Their conclusions were released ahead of the UN’s COP28 climate negotiations later this month in Dubai, where developing countries not responsible for most carbon emissions are expected to push for governments and firms to pay more for their role in global warming.

If the top 25 oil and gas companies had been held accountable for their role in global warming in recent decades, they would still have made $10 trillion dollars in profit, according to the report published by think tank Climate Analytics.

The estimated damage caused by carbon emissions from the 25 companies cost $20 trillion from 1985 to 2018 — but during that time they earned $30 trillion, the report said.

The research looked at private oil and gas giants as well as state-owned companies. State-owned firms contribute to huge sovereign wealth funds in countries such as the United Arab Emirates, the host of this year’s COP28 talks.

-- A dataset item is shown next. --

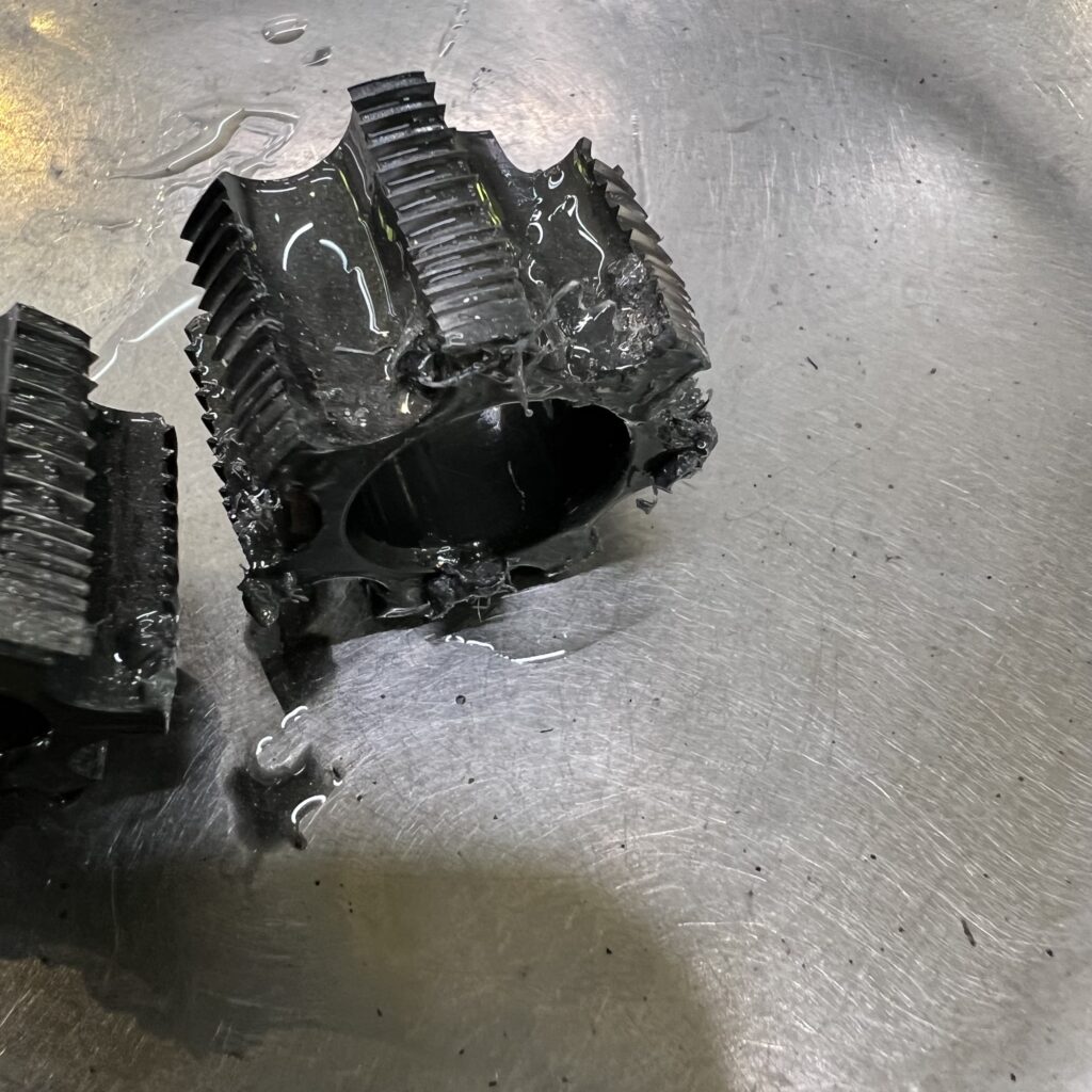 切削油をかけながら回転させますが切削しすぎないようにゆっくりと

“This fossil wealth is here to stay while the world suffers from the devastating consequences of climate change for centuries to come,” the report’s lead author Carl-Friedrich Schleussner told journalists.

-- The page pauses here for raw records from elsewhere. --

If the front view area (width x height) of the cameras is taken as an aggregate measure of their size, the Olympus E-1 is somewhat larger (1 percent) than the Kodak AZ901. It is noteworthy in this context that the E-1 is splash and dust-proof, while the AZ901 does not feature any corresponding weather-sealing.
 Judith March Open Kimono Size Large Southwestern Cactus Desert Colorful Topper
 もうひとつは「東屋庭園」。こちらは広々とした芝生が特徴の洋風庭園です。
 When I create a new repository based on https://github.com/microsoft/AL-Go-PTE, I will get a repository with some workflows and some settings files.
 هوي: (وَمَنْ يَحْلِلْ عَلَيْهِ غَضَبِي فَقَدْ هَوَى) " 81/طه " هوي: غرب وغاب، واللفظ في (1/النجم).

The contrast was particularly striking last year, the authors of the report said.

As energy prices sky rocketed due to Russia’s war in Ukraine, major oil and gas companies posted record profits.

The $161 billion profit of Saudi Arabia’s state-owned Aramco in 2022 was “probably the highest net income ever reported in the corporate world,” its CEO Amin Nasser has said.

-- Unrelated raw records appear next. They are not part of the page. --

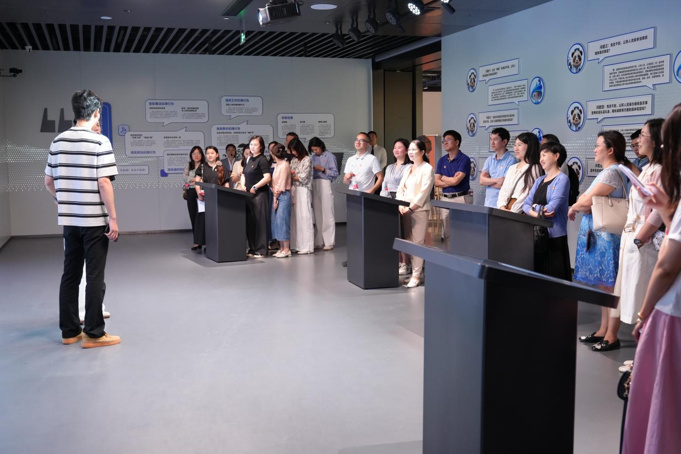 在场馆讲解员的带领下,全体人员按照“溯源流、明方向、立规矩、普规纪、答疑惑、强免疫”六个篇章,通过“看、听、游戏”等创新形式,开展了一场数字化、沉浸式的党纪法规学习教育。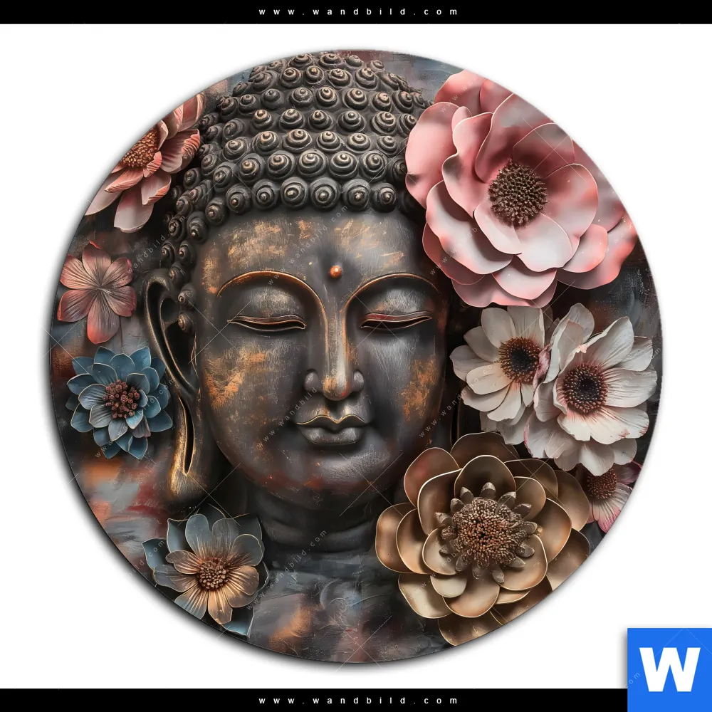 Aluminiumbild gebürstet | Spiritueller Buddha und Blumen | Rund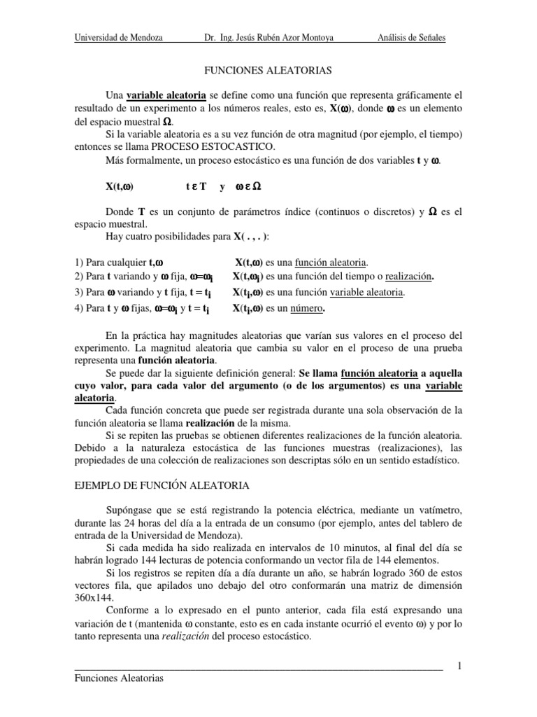 Se puede dar la siguiente definición general: Se llama función aleatoria a aquella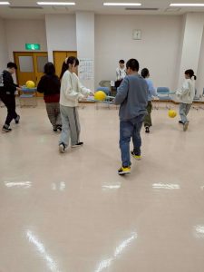 チームを二人ずつに分けて『ボール運び競争』をおこないました!棒を二本用意してボールを乗せ、椅子に向かって走り、座ってから往復するのは難しいようでしたが、職員が走る速度や棒を持つ高さを合わせるようあらかじめ声かけをして上手に運ぶことが出来ていました!職員も体験してみましたがボールを乗せて走るのは難しく落としそうになりました…。やり切ったみんなすごい(*´꒳`*ノノ゙パチパチ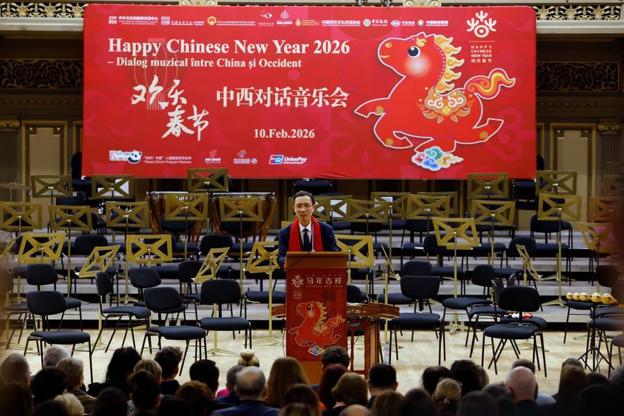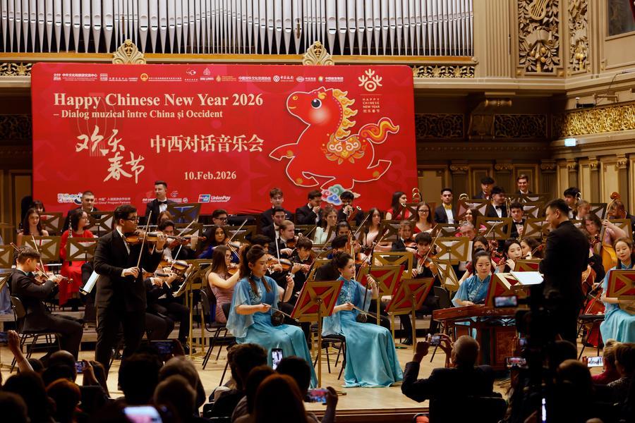 BUCHAREST, Feb. 12 (Xinhua) -- The air inside Bucharest's Athenaeum resonated with the silvery tones of silk strings and rich percussion on Tuesday evening, as traditional Chinese melodies met Romanian symphonic harmonies in a concert celebrating cultural dialogue and the upcoming Chinese New Year.

Aramco was one of seven companies that posted profits almost twice the amount of the estimated damage caused by their emissions, according to the report.

– ‘Flaunting their profits’ –

The researchers calculated damages for the world’s biggest emitters by using estimates for the social cost of carbon from 1985-2018, which amounted to $185 per tonne of carbon dioxide.

They compared this number with company profits from the same period.

The researchers then split the damages in three to account for the responsibility of governments and consumers.

State-owned oil companies in Saudi Arabia, Russia, Iran, China and the UAE showed both the most damaged caused — and the largest financial gain.

ExxonMobil topped the list for private companies, followed by Shell, BP and Chevron.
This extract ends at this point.